Many organizations live in fear of the notion of sharing end customers. After all, a manufacturer might try to swoop in and sell directly, cutting out the distributor. And a distributor always can bring in new manufacturers to supply products. But if both parties learn which relationships are serviced best by which type of organization, the companies can leverage such collaboration into future success.
Many times, we’ve shared a story that emerged on a project several years ago when, during interviews, a manufacturer and its largest distributor each referred to the other as a “bloodsucking weasel.” Obviously, the relationship between these two organizations was strained, despite the fact that each was involved in a significant percentage of the business done by the other. One would have expected these organizations to establish a strong relationship because their destinies coincided, but how they characterized each other suggested that they had failed to do so.
Their multiple problems had compounded over time to generate a climate of distrust. As a result, the relationship had deteriorated to the point where it involved an ongoing competition for margin between the businesses. Rarely did they interact in a way that was positive or oriented toward shared successes.

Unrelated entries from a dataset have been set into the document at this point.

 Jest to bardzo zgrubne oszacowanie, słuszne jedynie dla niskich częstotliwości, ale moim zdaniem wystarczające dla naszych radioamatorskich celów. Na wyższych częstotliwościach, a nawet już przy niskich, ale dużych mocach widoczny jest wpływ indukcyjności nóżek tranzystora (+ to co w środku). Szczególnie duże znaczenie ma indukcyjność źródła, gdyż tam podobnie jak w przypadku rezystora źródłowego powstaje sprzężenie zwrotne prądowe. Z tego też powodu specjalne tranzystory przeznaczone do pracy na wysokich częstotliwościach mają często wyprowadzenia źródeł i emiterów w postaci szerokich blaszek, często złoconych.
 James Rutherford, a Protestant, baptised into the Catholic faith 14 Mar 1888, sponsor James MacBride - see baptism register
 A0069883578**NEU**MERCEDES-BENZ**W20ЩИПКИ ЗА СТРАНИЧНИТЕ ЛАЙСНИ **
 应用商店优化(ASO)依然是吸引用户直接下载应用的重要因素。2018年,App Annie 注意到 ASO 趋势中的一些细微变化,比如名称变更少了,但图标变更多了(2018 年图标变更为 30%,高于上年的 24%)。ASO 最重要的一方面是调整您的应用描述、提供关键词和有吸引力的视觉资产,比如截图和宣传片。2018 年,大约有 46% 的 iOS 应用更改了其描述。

One of their major problems involved “ownership of customers.” The distributor had an ongoing fear that the manufacturer would choose to go directly to end customers, cutting the distributor out of the chain. And the manufacturer feared that the distributor might someday bring on a competing brand, or even introduce its own private label, thereby cutting into the sales volume of the manufacturer’s brand. As a result, the companies could not even broach the topic of customer ownership without generating sparks. Both organizations had taken steps designed to protect their position with end customers, steps that the other viewed as threatening and anti-relationship.

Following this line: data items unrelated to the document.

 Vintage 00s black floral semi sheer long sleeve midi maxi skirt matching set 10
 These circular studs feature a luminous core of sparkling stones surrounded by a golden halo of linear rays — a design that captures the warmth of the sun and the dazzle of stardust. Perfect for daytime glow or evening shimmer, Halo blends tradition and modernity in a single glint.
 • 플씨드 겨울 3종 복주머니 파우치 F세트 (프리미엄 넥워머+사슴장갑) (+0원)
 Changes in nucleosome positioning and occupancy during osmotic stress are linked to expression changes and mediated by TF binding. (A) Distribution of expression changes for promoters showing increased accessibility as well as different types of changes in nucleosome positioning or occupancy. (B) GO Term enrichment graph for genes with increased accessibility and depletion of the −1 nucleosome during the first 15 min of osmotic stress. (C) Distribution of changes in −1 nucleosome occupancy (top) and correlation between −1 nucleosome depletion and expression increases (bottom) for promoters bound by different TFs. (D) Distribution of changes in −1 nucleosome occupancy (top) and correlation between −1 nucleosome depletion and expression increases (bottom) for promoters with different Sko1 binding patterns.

While this example was an extreme one, issues around ownership of end customers often create a roadblock to good relationships between manufacturers and their most important distributors. In one high-technology industry, a company coined the phrase “Voicemail 666” to describe a call from an end customer that involved an integrator or distributor trying to capture the sales that were going directly from this firm to its enterprise accounts. The problem of competition for ownership of the end-customer relationship is quite common, and it requires attention to ensure it does not disrupt critical business relationships between manufacturers and distributors.
There is a framework that enables business partners to share ownership of end customers in a way that drives success, providing a basis for an answer of “We would” in response to the question, “Who would ever share customers?” The foundation for this framework builds upon an assessment of the services that create value for the end customers. When end customers are queried about the services that deliver value to them, they often describe them in two categories.
One view closely associates some services with specific products. The most significant example involves customization to the end user’s specifications. But other such services exist, including installing and commissioning the product, training the operators who will use the product or training the service technicians who will maintain it, troubleshooting by Web or 800-number support lines when problems arise, and others. Not all products carry the requirements for such services, but many do.
A manufacturer of electrical products had among its customers a number of original equipment manufacturers (OEMs), companies that made equipment that was used on factory floors around the world. Key electrical components were incorporated into that equipment, and this OEM relied on the electrical products manufacturer to collaborate with them on design, be responsive to the changes made from one generation to the next, help to address end-customer problems that involved power issues, and contribute in many other ways as a key ingredient supplier. This relationship was one in which the service contributions of the electrical products manufacturer were critical to its OEM customer.
Other services are more closely associated with the distributors or other channels through which the end customer makes purchases. The most significant example in this regard is often the ability to buy multiple products from multiple manufacturers through a single vendor and in a one-stop transaction. Other such services span a broad spectrum — instant availability through local inventory, fast delivery and other logistics capabilities, local support, credit, ease of returns and replacement. Again, not all end customers require and value such services, but many do.